I think if you polled Members across the board in the Congress, 
you would find far more support for Taiwan coming into the TPP 
ahead of mainland China. I think you would find that support 
very robust.
    Mr. Scissors. Right.
    Mr. Salmon. Some of these international bodies, I think, 
really need to have the input that Taiwan has, and we could 
probably do that without jeopardizing our sacred one-China 
policy. But is there a way for us to maybe tweak that a little 
bit?
    Mr. Cohen. I have been urging Taiwan to do more on its own. 
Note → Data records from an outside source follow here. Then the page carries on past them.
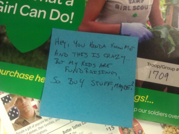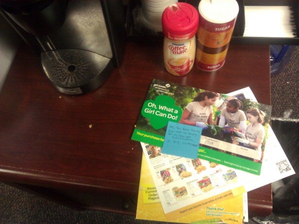 Interestingly enough, that does come with unexpected side effects. For example, the time of year has come when my kids have fundraising responsibilities. So the Puddinette asked if I’d take various and sundry order forma to work in case my coworkers might be easily suckered into parting with their hard-earned cash interested in buying something.
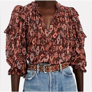 Ulla Johnson Miray Silk Chiffon Blouse in Garnet Size 6
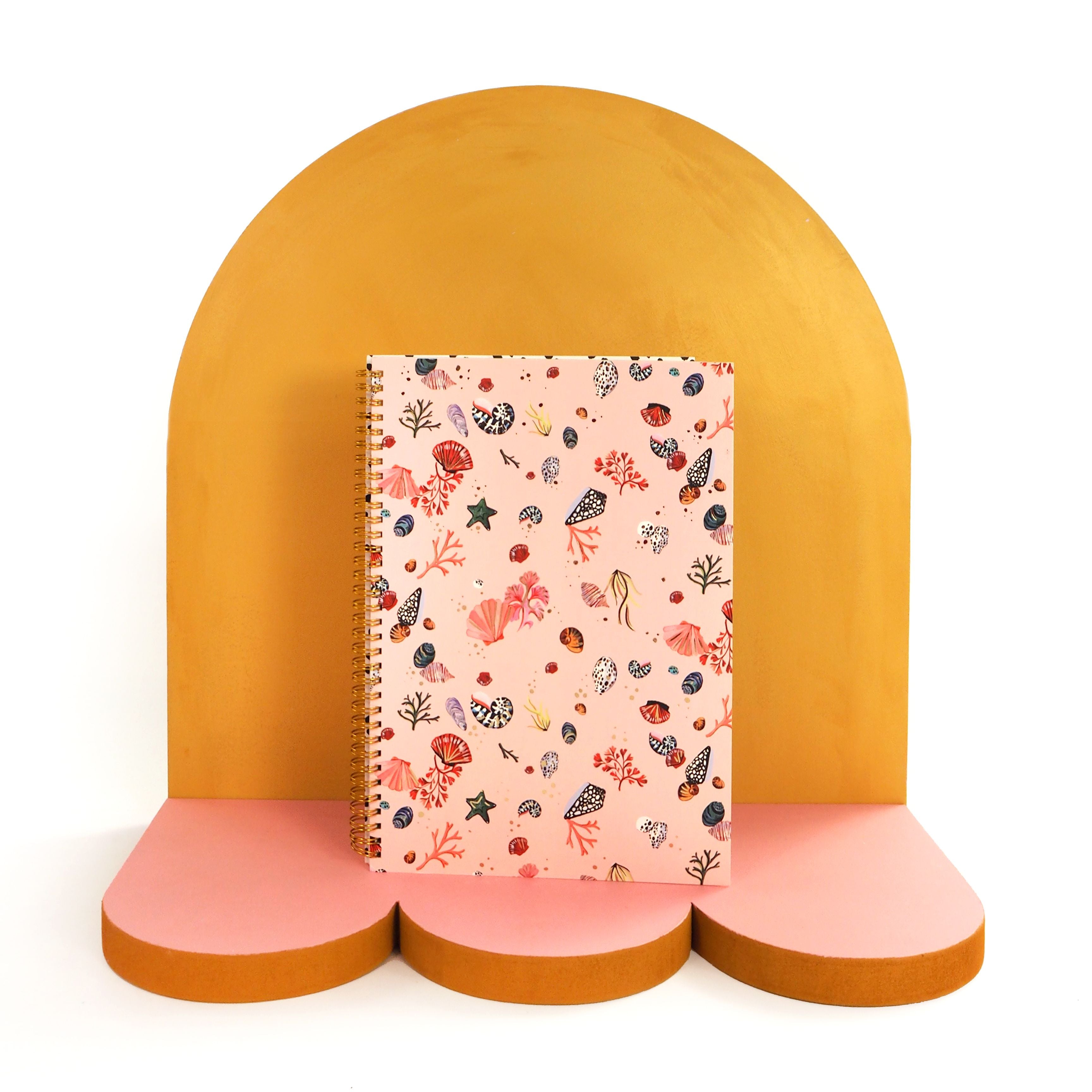 An A4 spiral bound notebook with lined pages designed in Eleanor Bowmer's distinctive style.

For example, Taiwan, as you know, occupies the biggest island 
in the Spratlys. I think, since President Ma is an expert in 
public international law and is about to retire from office, he 
ought to lead an effort to come up with imaginative proposals 
beyond the general language he has already given us on May 25 
that would encourage a settlement of these issues. We need 
imagination.
    Taiwan should make its way back by becoming a host to the 
other contending nations and turning Itu Aba of a conference 
center, a negotiation, a workshop dialogue center that will 
promote, I think, the kinds of solutions that people aren't 
putting forth now. People are just talking about strengthening 
their militaries. And while that is useful and necessary, we 
have got to do a lot more. We have to have more imaginative 
solutions.
    And here is a way for Taiwan to help, just the way they 
managed to make a fisheries agreement with Japan in the East 
China See. Imaginative, vigorous diplomacy on Taiwan's part, in 
addition to our support, I think would be very important.
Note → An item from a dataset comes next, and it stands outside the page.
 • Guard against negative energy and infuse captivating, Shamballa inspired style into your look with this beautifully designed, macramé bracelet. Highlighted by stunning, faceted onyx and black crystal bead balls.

    Mr. Salmon. Thank you, Mr. Cohen.
    Mr. Han, we had a great meeting with several of the 
business leaders, as well as some of the, I think, Hong Kong 
greats. We met with Martin Lee, we met with Anson Chan when I 
was there. And it was coincidental because I was there for the 
1997 handover ceremony and I met with Martin Lee back then, so 
it kind of felt like deja vu a little bit, or as a great 
baseball player once said, deja vu all over again.
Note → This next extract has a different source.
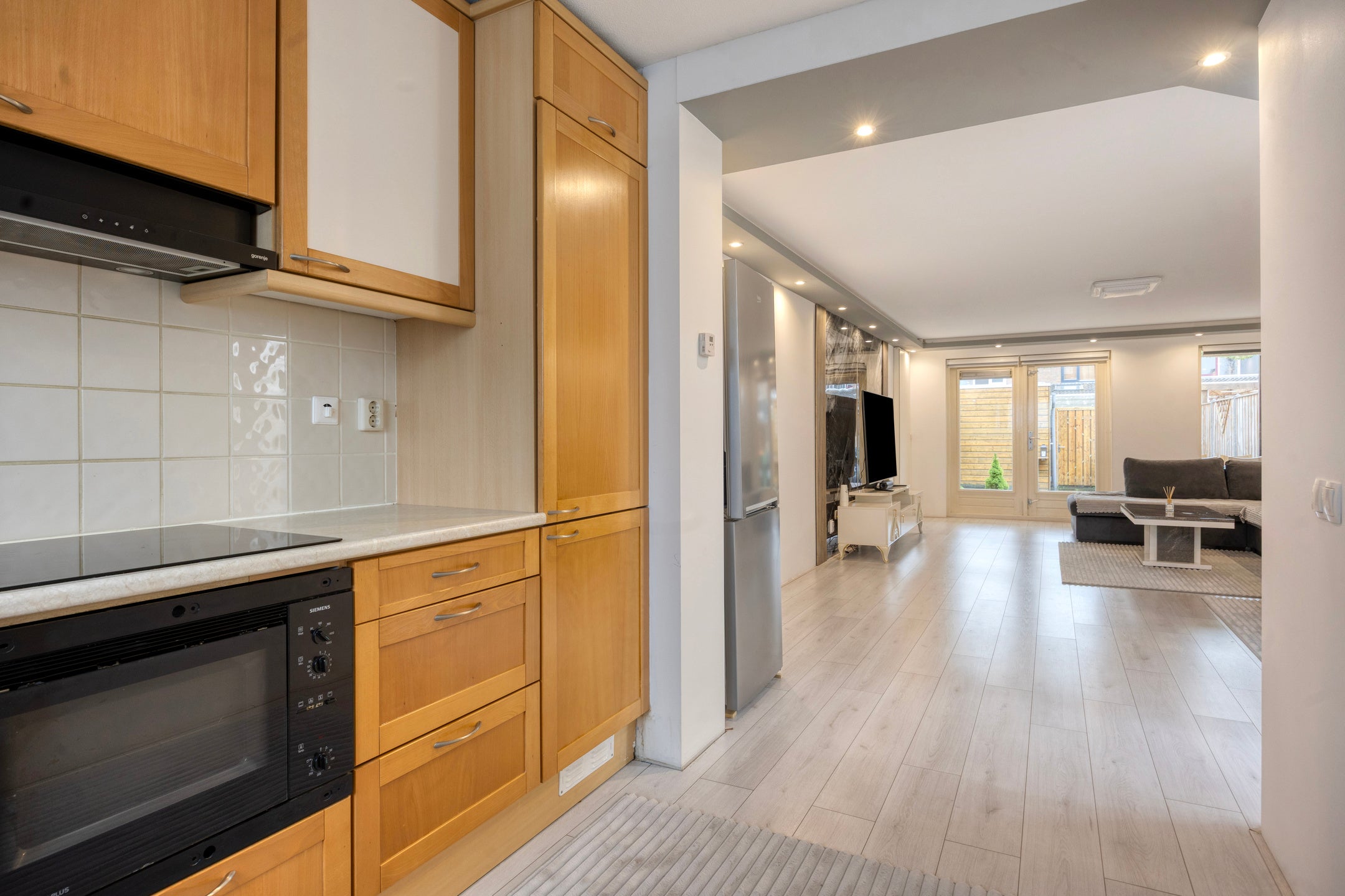 Aagje Dekentuin 25 is een verrassend ruime tussenwoning van 108 m². Bij binnenkomst valt direct op hoe de leefruimtes prettig in elkaar overlopen. De diepe woonkamer heeft openslaande deuren naar de tuin en biedt ruimte voor een grote zithoek en eettafel. De keuken, slim aan de voorkant gesitueerd, is volledig uitgerust met moderne apparatuur. Boven zijn er drie slaapkamers, waaronder een hoofdslaapkamer met airconditioning en een moderne badkamer met inloopdouche. De tweede verdieping biedt een grote, lichte ruimte die als extra slaapkamer of werkruimte kan dienen.

    But do you think that the opportunity for suffrage, 
universal suffrage in Hong Kong, will come to fruition in your 
lifetime?
    Mr. Han. Not only Hong Kong, but China as well, I believe 
so. But the real opportunity and the hope is the changing of 
mainland China. Hong Kong cannot get full democracy without 
China becoming democracy. That is not possible. So I count on 
China.
    And I agree with Mr. Rohrabacher, who said China did not 
answer to the international community for nearly anything. And 
China, to my understanding about this government, they will not 
answer positively to military responses. But one thing I am 
sure I already see that myself experiencing this: Chinese 
Government is already answering to its own people, although it 
is not full. For example, they arrest lawyers, they arrest 
journalists, but they are answering to hundreds of millions of 
workers' demands to the right to collective bargaining, and the 
next one will be naturally, slowly develop into freedom of 
association, a union, maybe not purely freedom of association, 
but with a solely collective bargaining-oriented trade union.
    So if Chinese Government can answer and will answer to 100 
million of Chinese workers, I do believe, even if they don't 
answer to the U.S. military, but they will have to become more 
and more democratic.
    Mr. Salmon. Well, I thank you. This has been a very 
invigorating conversation. I appreciate all the patience on the 
part of the witnesses today for the time changes. I apologize 
for doing that to you, but we just thought it was so important 
to get this done, especially because Mr. Han is not here all 
the time. So we wanted to make sure that we got it done today, 
so it necessitated us moving the time. So thank you very much 
and thank you so much for your patience.
    This committee is adjourned.
    [Whereupon, at 2:47 p.m., the subcommittee was adjourned.]